# What's the best software?



## mob008 (29 May 2008)

Hi Guys,

I'm currently using the EFX demo and plan to for some time whilst I get my eye in. In conjunction with this I've got access to Web Iress which I'm using for charting and it's ok but I'm wondering what most people use and the costs associated with them?

Also keen on knowing the pros and cons e.g. rules based automated trading etc of each package, but having said that my initial thought is for charting.

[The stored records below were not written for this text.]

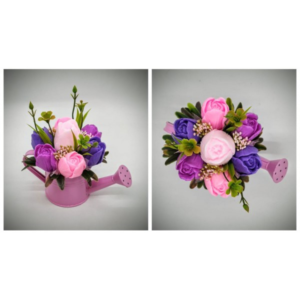 Szappanvirág csokor - Lila - rózsaszín vegyes tulipán csokor - kis rózsaszín locsolókannában - 1. Kézzel készített, illatos szappan csokrok, asztali díszek, egyedi szappanok és fürdősók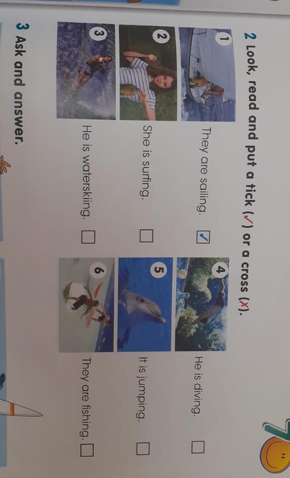 7 2 Look, read and put a tick ( sqrt ) ) or a cross (X). 1 4 They are sailing He is diving 2 5 She is surfing. It is jumping. 3 6 He is waterskiing. They are fishing. зделайте пожалуйста
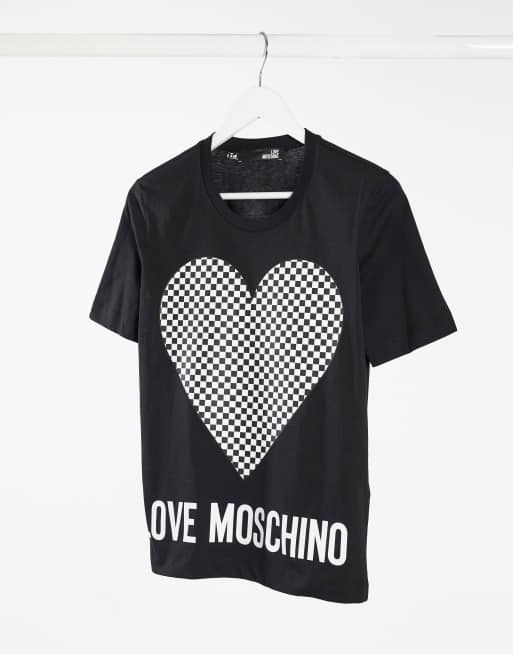 Love Moschino - T-shirt nera con logo e cuore a scacchi | ASOS

Having said that I'm taking it EFX is a bit behind the actual market being a demo version right? or does it have to do with the difference between ECN and the actual market although that wouldn't make sense?


----------



## tayser (29 May 2008)

*Re: Whats the best Software*

Technically you're looking at the same market when on their demo, except for:

- the live limit orders from other people on their network.
- it lags a bit because they claim it's their test server, but generally there's no difference in the bank quotes.
- I have sent a market order on the demo with 100 lots when only a few were available and the system's reported back that I was 100% filled at my price - this wouldnt happen in the real market (you'd soak up the liquidity from the next best quote), apart from little nuances like that, the 'simulation' is very close.

I still run my charts through NinjaTrader which connects to the demo platform (can't login to an account (live or demo) more than once) and the differences between quotes on the live platform and the demo can change a fair bit with live orders obviously filtering through the market depth.  I was a bit  the other day when EUR/USD was out by a pip, and there were some seriously large limit orders by other users flying through the market depth on the network - hammer and tong!  can't wait to get there 

vive le ECN liquidity!


----------



## mob008 (29 May 2008)

*Re: Whats the best Software*

Thanks mate

Do you plan to stick with Ninja when you go live? Do you know how much are they for a live account?


----------